[Start of Attachment]
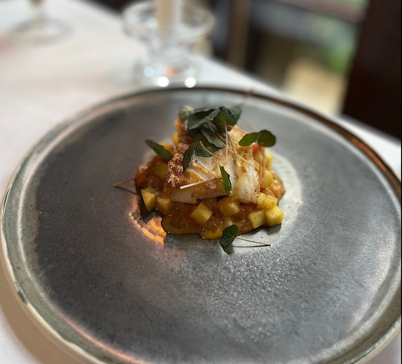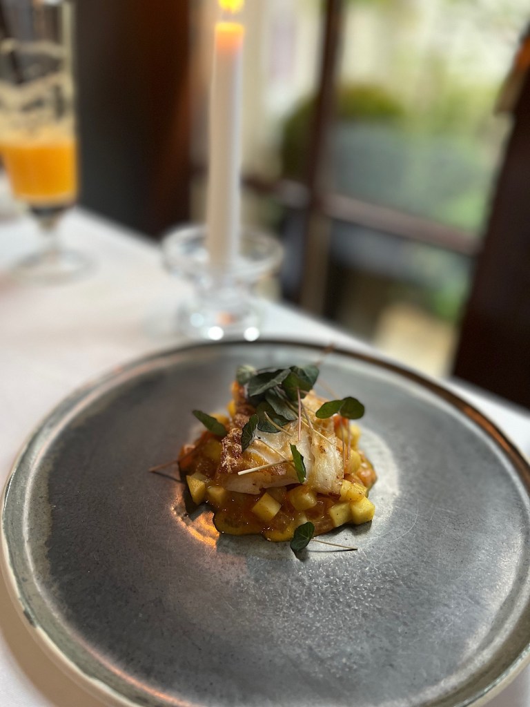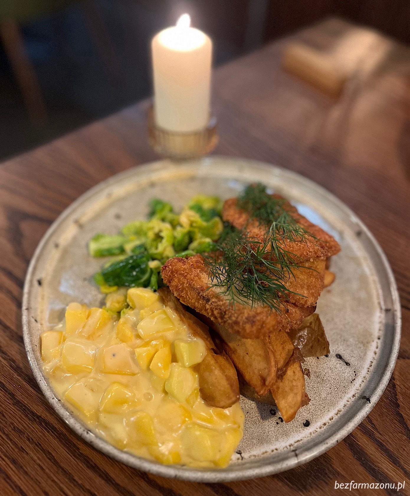 Danie numer trzy – dorsz w panko, mango chutney oraz brukselka na miodzie i maśle z chilli (58 PLN).
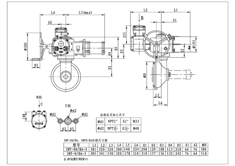 IMT/BA系列智能型電動裝置是IMT系列中小轉矩多回轉智能型電動裝置與BA圓錐齒輪減速器的一種組合型式,它適合閘閥、截止閥等多回轉閥門的驅動控制。IMT/BA智能型電動裝置具有以下特點:以較小轉矩規(guī)格的IMT電動裝置與BA減速器組合可獲得更大的輸出轉矩。在輸出轉速允許的條件下,選用該產(chǎn)品能夠提高所選電動裝置規(guī)格的通用性,便于產(chǎn)品的使用、維護。
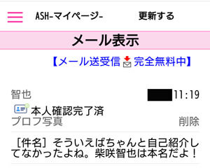 サイト名は「ASH/アッシュ」で、やはり当方を女性と認識してのメールの可能性が高いです。
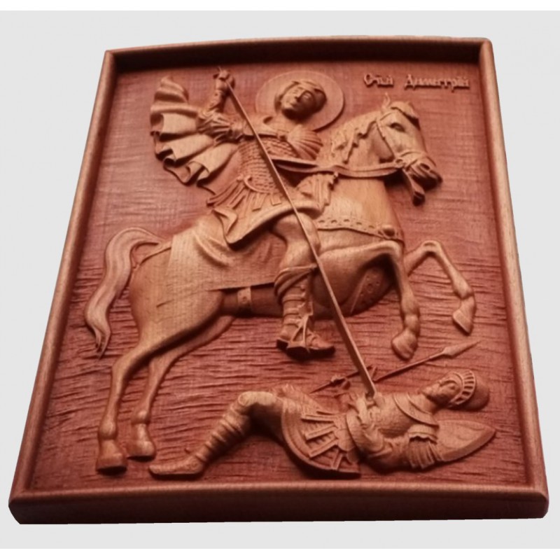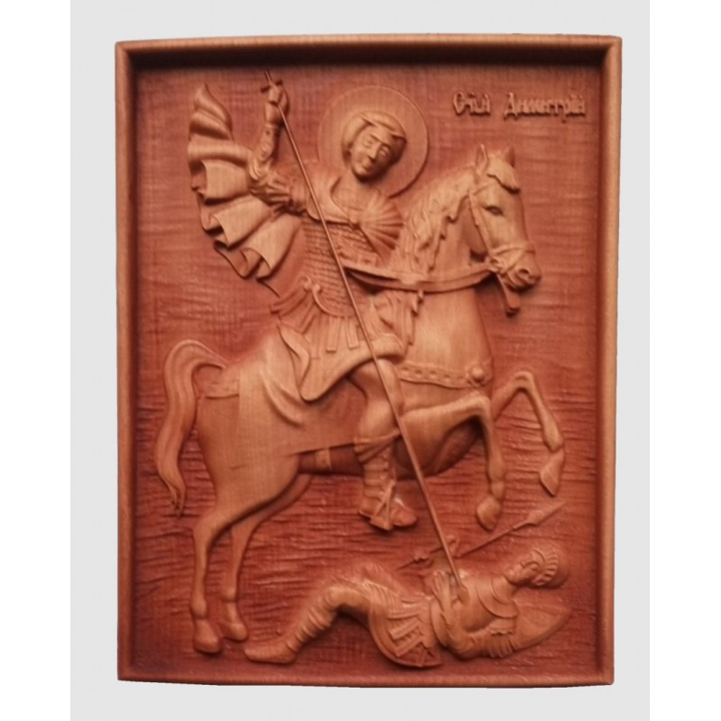 Дърворезба ”Св. Димитър” Размери 30 х 24 х 3 см. Цена 46 € Материал бук Може да поръчате размер по Ваше желание
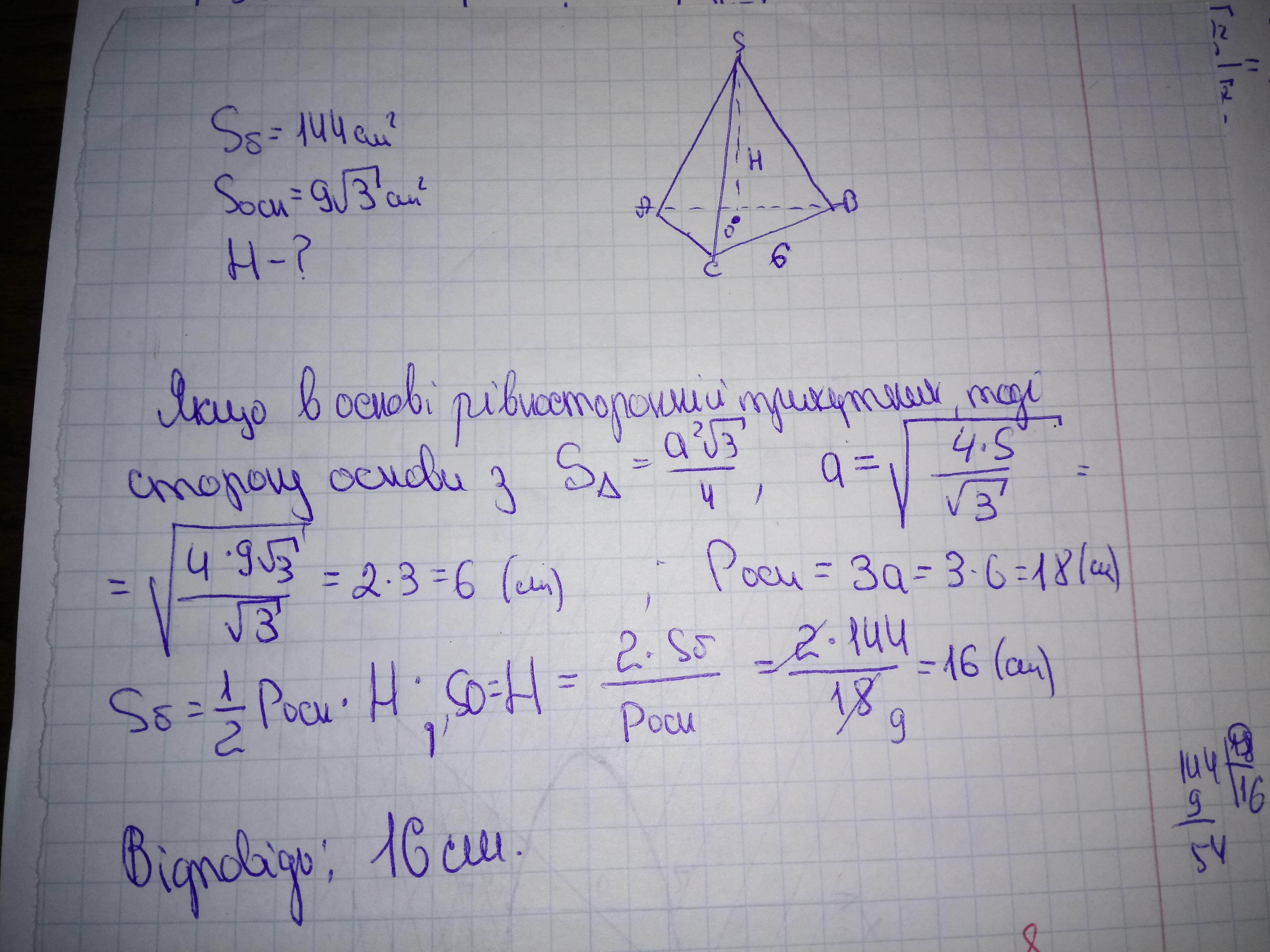 бічна поверхня трикутної призми 144см2, а площа основи
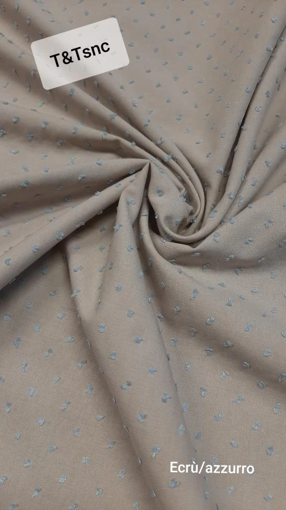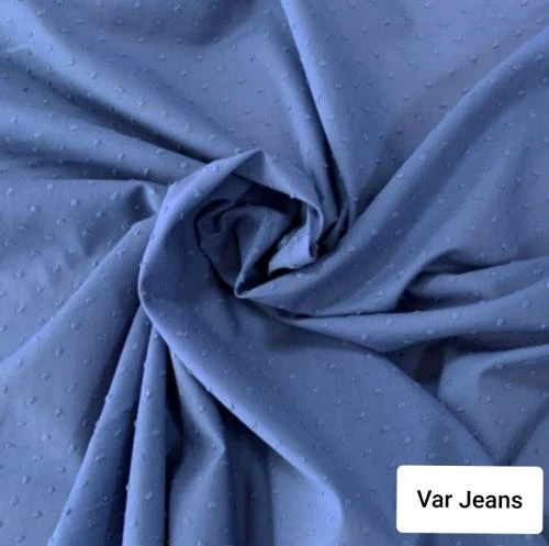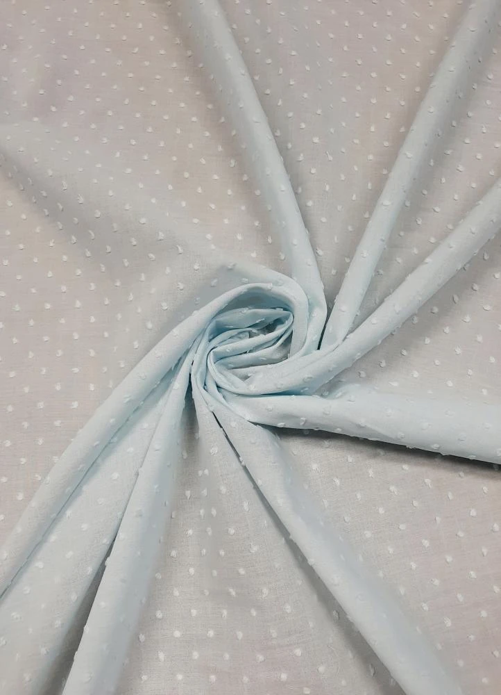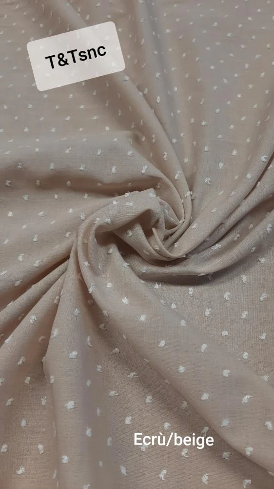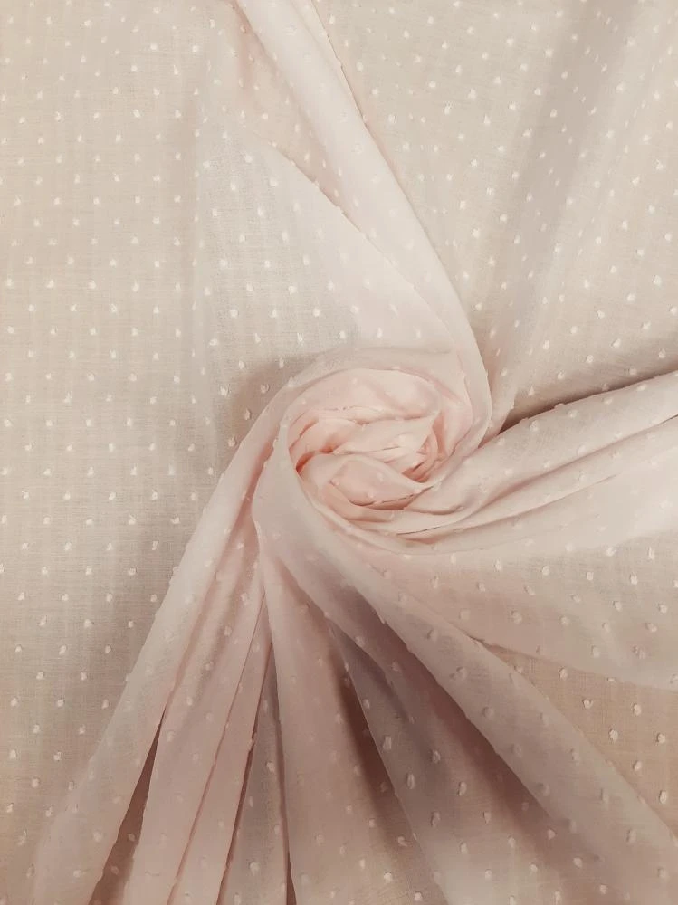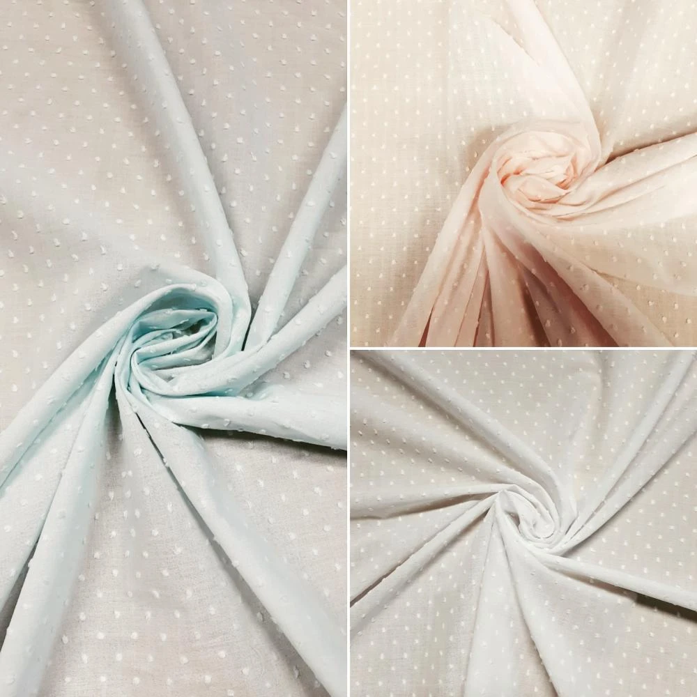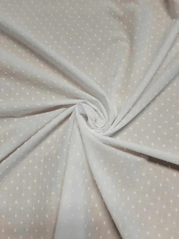 Splendida mussola di cotone 100%, h 150, con inserti ricamati a pois e a rilievo tipici della lavorazione Plumetis.
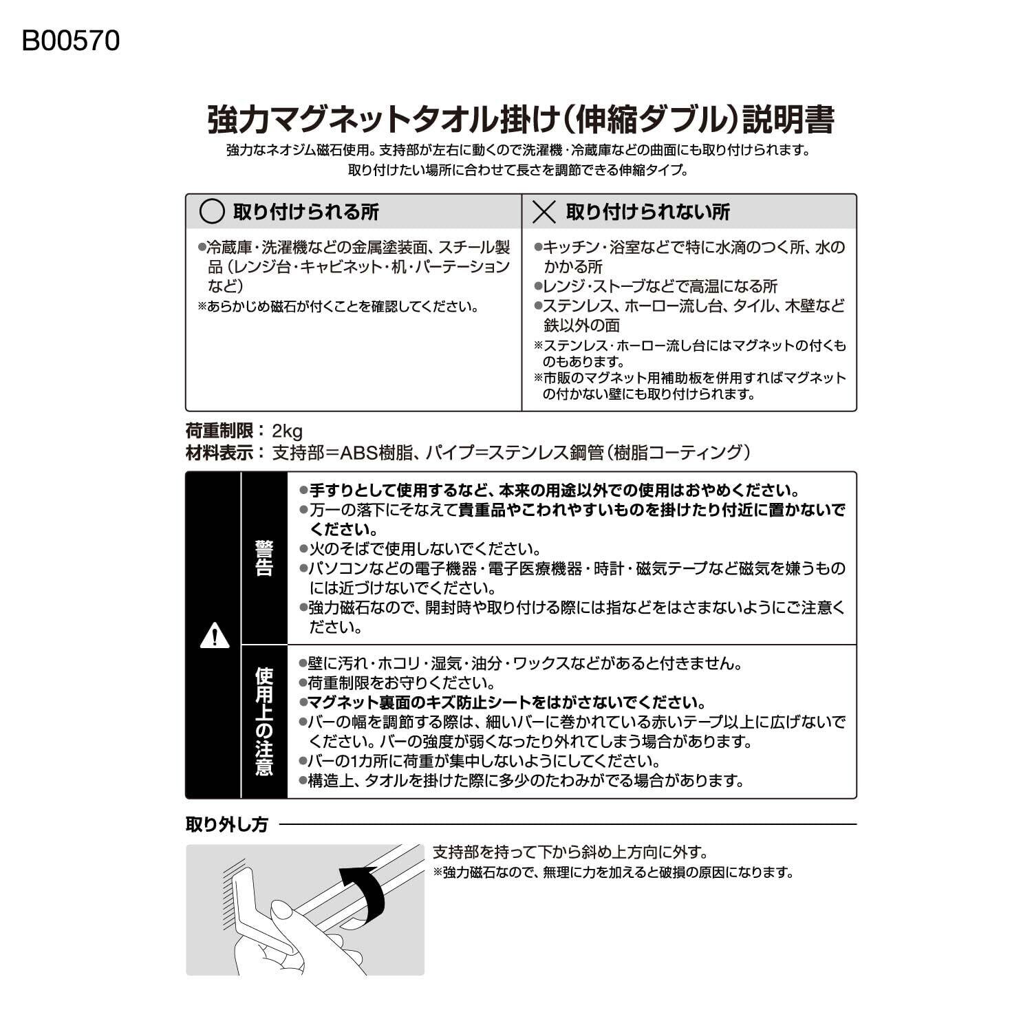 強力 マグネット 伸縮 タオル掛け 伸縮幅 34.5~60.5cm(干幅29~54.5cm) 耐荷重2kg 曲面取付け対応 キズ防止シート付き ホワイト
[End of Attachment]
» Task details: Nothing but the lines from the first line of the records above to the line with "бічна поверхня трикутної", inclusive, should be transcribed exactly, and the pictures must be left out.

» Output for this task:
 Danie numer trzy – dorsz w panko, mango chutney oraz brukselka na miodzie i maśle z chilli (58 PLN).
 IMT/BA系列智能型電動裝置是IMT系列中小轉矩多回轉智能型電動裝置與BA圓錐齒輪減速器的一種組合型式,它適合閘閥、截止閥等多回轉閥門的驅動控制。IMT/BA智能型電動裝置具有以下特點:以較小轉矩規(guī)格的IMT電動裝置與BA減速器組合可獲得更大的輸出轉矩。在輸出轉速允許的條件下,選用該產(chǎn)品能夠提高所選電動裝置規(guī)格的通用性,便于產(chǎn)品的使用、維護。
 サイト名は「ASH/アッシュ」で、やはり当方を女性と認識してのメールの可能性が高いです。
 Дърворезба ”Св. Димитър” Размери 30 х 24 х 3 см. Цена 46 € Материал бук Може да поръчате размер по Ваше желание
 бічна поверхня трикутної призми 144см2, а площа основи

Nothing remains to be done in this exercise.